Hacker News: fine_tune

New comment by fine_tune in "The Atlantic Quantum team is joining Google"

fine_tune — Thu, 02 Oct 2025 18:25:39 +0000

LLMs are only 3-5 years old (NLP is much older OFC), for all we know they'll be a dead end in research like LSTM are today - LLM/Multi Modal just look super hot. "Attention is all you need" was released in 2017, it took 5 years to prove it was useful, for all we know the new hot thing has already been published and LLMs are obsolete - Google might have been right to wait.

Besides I dont think the top people at Google's DeepMind - and I can only "infer" this from watching them speek online - actually think LLM's are "the one".

New comment by fine_tune in "A New Internet Business Model?"

fine_tune — Mon, 22 Sep 2025 15:45:31 +0000

Its cloudflare trying to enshittify the internet with micro transactions[0] and take their N% cut (of course it will start at like 2% but ask any uber driver how thats going).

The problem is the arguments they make for why this should happen are quite compelling, especially to those running sites (you'll see plenty of complaints on this forum about it), but theres also a large group of people who think information / code / data should be "free" (see open source code/maps/anything you can think off).

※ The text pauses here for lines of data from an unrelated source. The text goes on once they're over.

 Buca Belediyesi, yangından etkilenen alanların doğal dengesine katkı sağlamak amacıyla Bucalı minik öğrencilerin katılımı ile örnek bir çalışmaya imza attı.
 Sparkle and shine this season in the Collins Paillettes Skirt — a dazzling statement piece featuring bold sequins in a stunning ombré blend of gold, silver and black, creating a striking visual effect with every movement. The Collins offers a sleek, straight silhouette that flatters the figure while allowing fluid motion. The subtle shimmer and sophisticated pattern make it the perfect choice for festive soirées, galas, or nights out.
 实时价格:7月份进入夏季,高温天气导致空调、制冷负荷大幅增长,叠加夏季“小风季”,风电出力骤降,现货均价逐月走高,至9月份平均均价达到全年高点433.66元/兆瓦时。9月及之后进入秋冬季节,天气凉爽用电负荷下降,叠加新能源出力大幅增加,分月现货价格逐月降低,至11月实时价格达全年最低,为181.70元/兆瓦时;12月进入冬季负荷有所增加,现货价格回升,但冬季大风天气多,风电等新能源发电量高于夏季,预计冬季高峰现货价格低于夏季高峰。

So really its just a moral debate that will be lost in the interest of profit (which is ya know good n bad, if AI companies did more caching we probably wouldn't need this, but here we are).

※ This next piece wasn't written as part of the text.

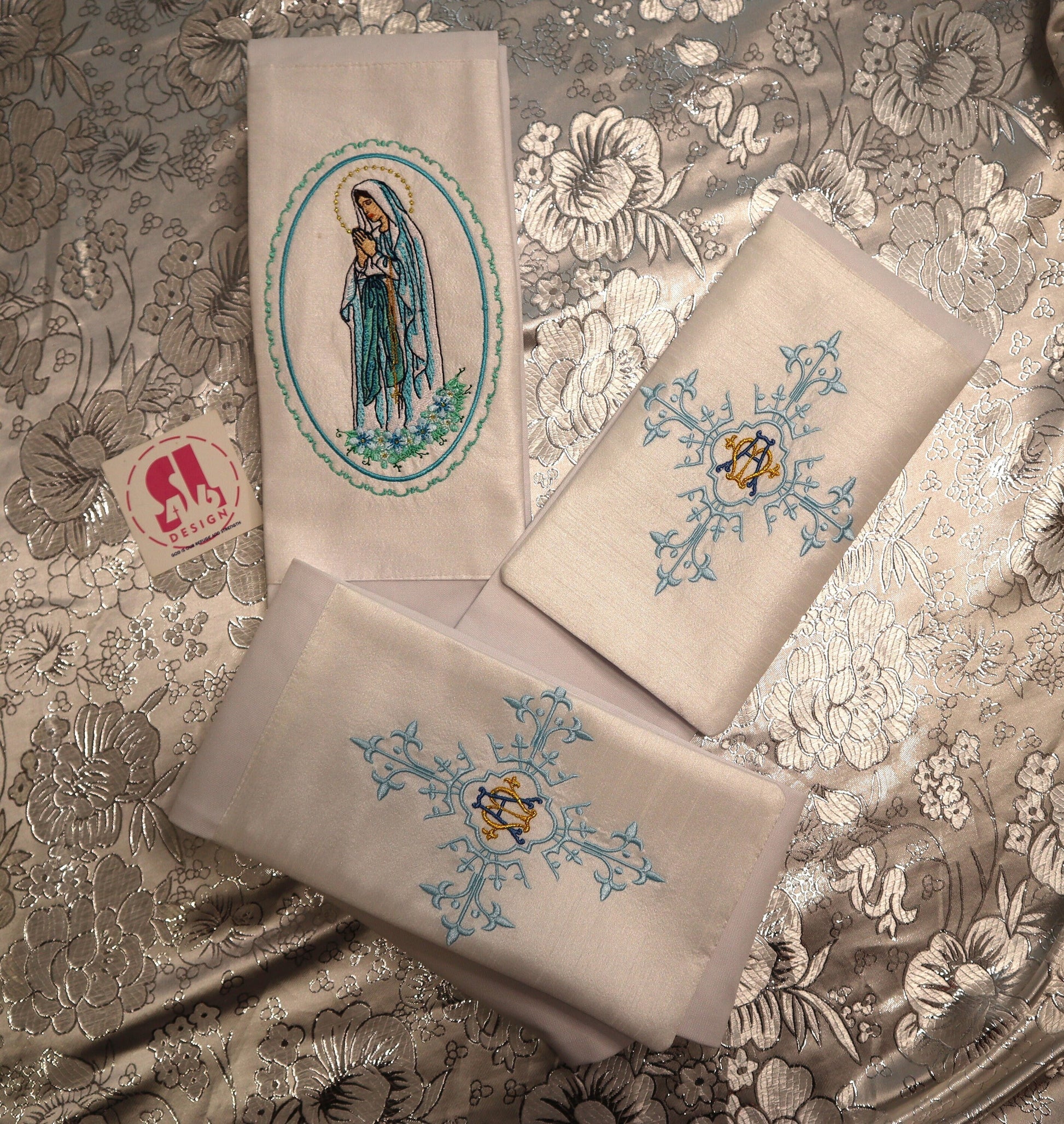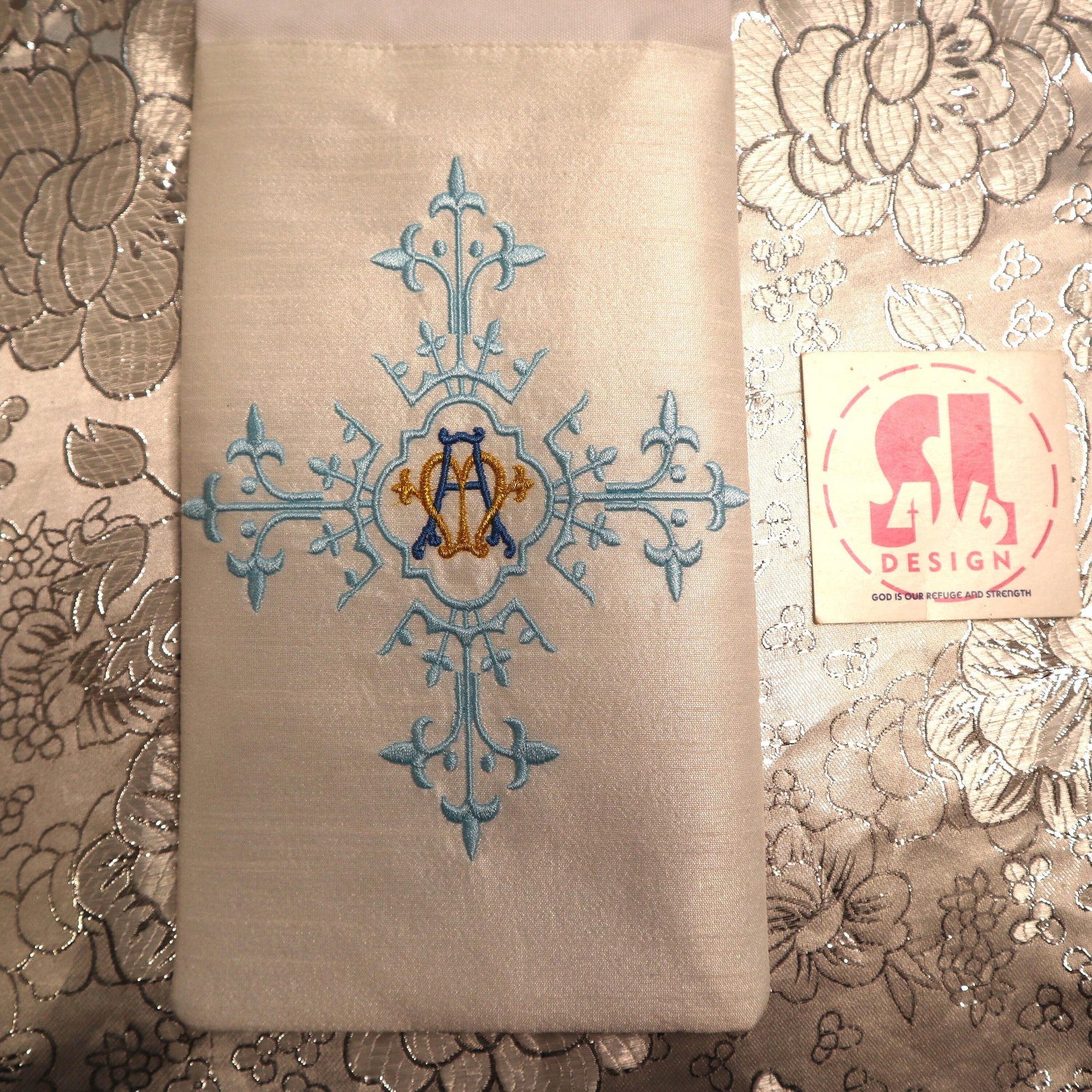 our stoles come with 3 embroidered designs that can be customized upon request.

[0] https://blog.cloudflare.com/introducing-ai-crawl-control/

New comment by fine_tune in "How to become a pure mathematician or statistician (2008)"

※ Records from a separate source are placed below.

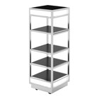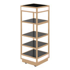 Elevate your buffet presentation with this Eastern Tabletop Q-Bik 4-tier mobile buffet display. Crafted from durable 18/10 stainless steel, this display unit includes four removable and reversible wood laminate shelves that provide an elegant backdrop for showcasing your culinary creations. The xylo black coating not only guarantees a long-lasting, professional look, but it's also antimicrobial and food-safe. The heavy-duty locking casters ensure stability and mobility, making it perfect for both indoor and outdoor use. Additionally, this unit is designed to hold LED lights in the top and bottom acrylic boxes (bulbs sold separately), allowing you to create a captivating ambiance that will impress your guests.
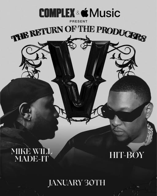 Two heavyweight producers are stepping into the spotlight. Mike Will Made-It and Hit-Boy will go head-to-head in an upcoming Verzuz showdown on January 30 at 5 PM PT. Presented by Complex in collaboration with Apple Music, the event will stream live from the Apple Music studios in Los Angeles via Apple Music. The stage is set — are you ready for the clash?
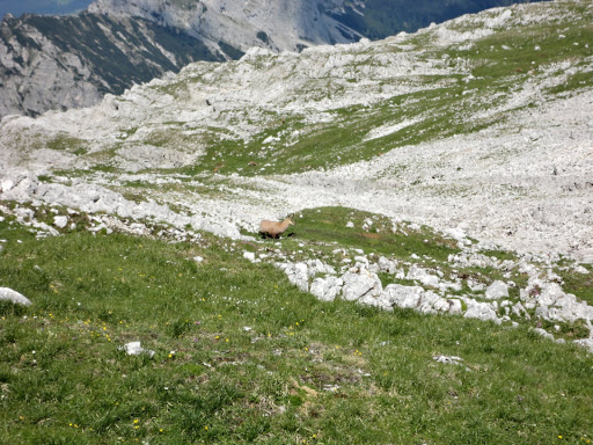 Zostup dolu bol možno najťažším úsekom feraty, pravdepodobne náročnejší ako výlez komínom. Minulá rok sme túto feratu vynechali, pretože sme boli veľmi unavení a netrúfali sme si na ňu. Tento rok sme si ju nenechali ujsť. Stála ozaj za to. Peter si zvolil zostup nepríjemným chodníkom západným smerom, zatiaľ Dušan a Tomáš sa vybrali ešte na vrchol Hochblaser a zostúpili späť na parkovisko veľkým oblúkom okolo jazera.
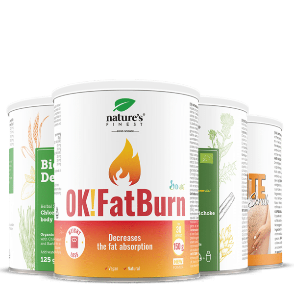 In the evening before dinner, stir in 1 scoop (5g) of OK! FATBURN drink in a glass of water, then after dinner stir 1 teaspoon of LIVER CLEANSE in a glass of water to stimulate liver cleansing overnight.
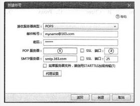 在邮件客户端上添加myname@163.com账号,设置界面如图所示。在①处应填写(请作答此空),在②处应填写()
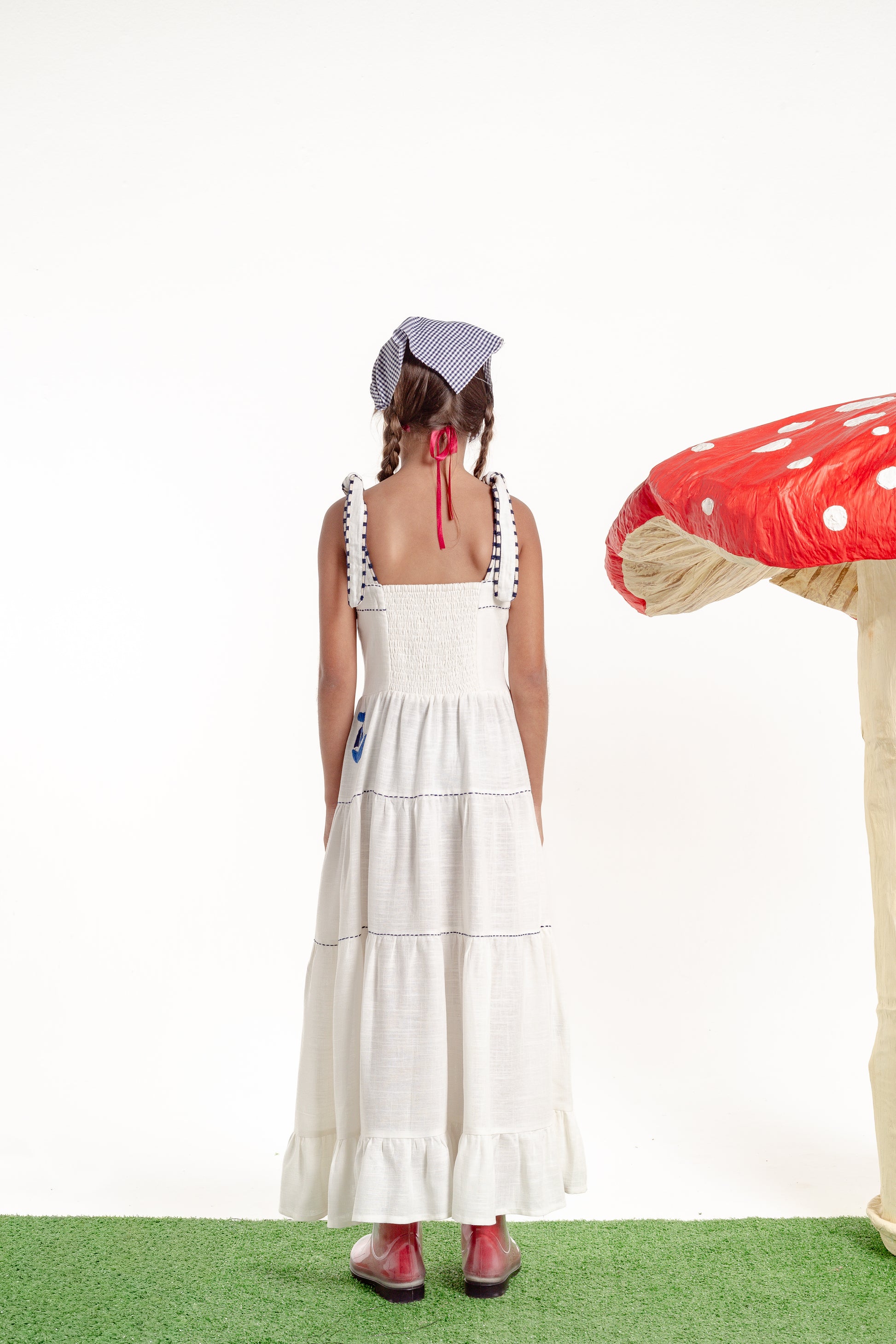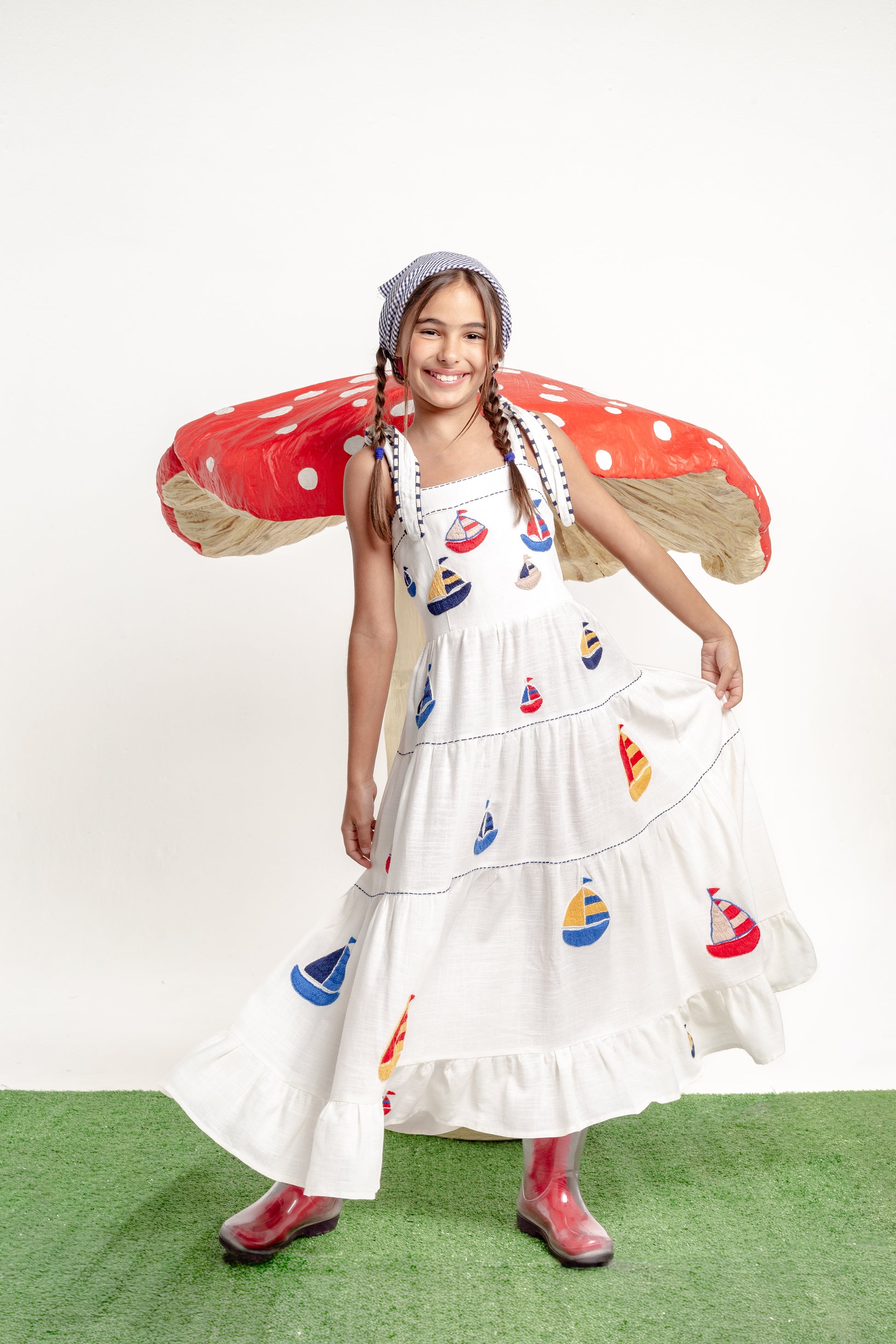 Um dos principais modelos da Mabô, o Vestido Amanda ganha agora sua versão infantil. O Amanda Barcos é uma celebração ao oceano, com bordados meticulosamente trabalhados à mão de barcos e detalhes delicados como os pontinhos feitos à mão no busto e babados. As alças recebem um aviamento especial que dá um toque de charme!

fine_tune — Fri, 12 Sep 2025 20:32:46 +0000

I got rage baited by this so hard, cant comprehend thinking this way.

Hung out with PhD's, economists, bankers, trust find kids, scientists, and artists - who maybe weren't top tier enough, but none thought this way.

Literally the weirdest take on a forum filled with dreamers, but every take is valid.

New comment by fine_tune in "Top model scores may be skewed by Git history leaks in SWE-bench"

fine_tune — Thu, 11 Sep 2025 19:02:06 +0000

I was going to argue "LLM's need code samples to-do well on languages and if we are honest C# is a language mostly held in private repo's" but Github's 2024 report[0] says its the 5th most used language (I'm to lazy to check if this report includes private repo's but I'll assume it doesn't).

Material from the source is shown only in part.